Кристина выслушала меня, по-птичьи наклонив голову. Она не спорила. Но она определенно была уверена, что митинг не за коммунистов. Просто за честные выборы. За честность. Хорошие люди против плохих.
«Хорошие люди»… По моим ощущениям таковых в Москве едва ли хватило бы на вечеринку, не то что на многолюдный марш протеста.
– Ты пойдешь? – спросила она меня.
– Нет, – ответила я, наверное, слишком резко. – В понедельник хозяин приходит. Надо хотя бы балкон разгрести.
– Хочешь, я помогу?
– Не надо. – Я не хотела ее помощи.
– От Дмитрия Сергеевича никаких новостей…
Это был не вопрос, и я отвечать не стала.
– Надеюсь, у него все хорошо…
– Можешь даже не сомневаться.
Меня выводил из себя ее тоненький благоговейный голосок. Мне захотелось ее стукнуть. Сдернуть этот чертов платок и закричать: «Твой… мой Дмитрий Сергеевич бросил меня, предал всех вас! Почему ты продолжаешь беспокоиться не обо мне, не о себе, а о нем?!»
Кристина опустила голову и сильнее закуталась в шаль. Мне на секунду стало жалко ее. Мы были словно две горлицы, бьющиеся в одном силке и напрасно ранящие друг друга. Но злая темная обида давила на грудь, не давала дышать.
– И кстати, Дмитрий Сергеевич никогда не был сторонником выборов.
Кристина подняла руку, защищаясь:
– Конечно, я тоже за помазанника, за царя – сказала она, и было так мучительно увидеть на бледненьком некрасивом лице отблеск того огня, что когда-то опалил и меня. – Но если уж у нас нет помазанника, то пусть будут хотя бы честные выборы… – А вот это было уже что-то новое. Этого бы ты определенно не одобрил. Вот хорошо!
– Конечно, Кристина, тебе обязательно надо туда пойти, – сказала я.
Она чуть не расплакалась и стала взахлеб рассказывать, как ходила по Чистопрудному бульвару на прошлой неделе, какие там были замечательные люди, какие умные, живые, чувствующие лица… В ее глазах мелькало что-то похожее на счастье, бледное хрупкое счастье пичужки, прибившейся к новой стае…
– А я не могу, мне надо хотя бы балкон расчистить, – повторилась я.

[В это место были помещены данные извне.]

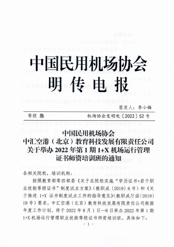 關于舉辦2022年(nián)第1期1+X機(jī)場(chǎng)運行(xíng)管理(lǐ)證書(shū)師(shī)資培訓班的γ(de)通(tōng)知(zhī).pdf
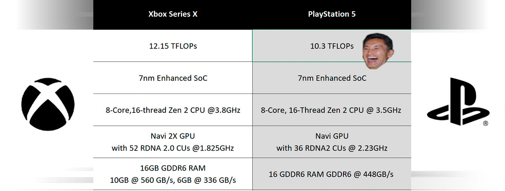 И казалось бы меньше блоков от чего на полтора терафлопса меньше, все это действительно звучит страшно и отнюдь не победоносно, еще эти маркетинговые 5-8Гб в секунду не в тему. Разве так сложно будет подождать дополнительную секунду загрузки, но получить новый уровень графики за счет дополнительных 15 процентов мощности? Пффф, глупые сонибои ![]()

На балконе много лет жили, гадили и умирали голуби, в результате чего там образовались апокалиптические наслоения из перьев, гуано и костей. «Культурный слой» сантиметров в семь, не меньше. Материализовавшаяся история – то, что остается от нее, когда кровь впитывается в землю, а черви выедают мозги. Пух и гуано – добрых и злых дел, слипшихся, перемешавшихся так, что не разобрать и не разделить, да острые белые кости.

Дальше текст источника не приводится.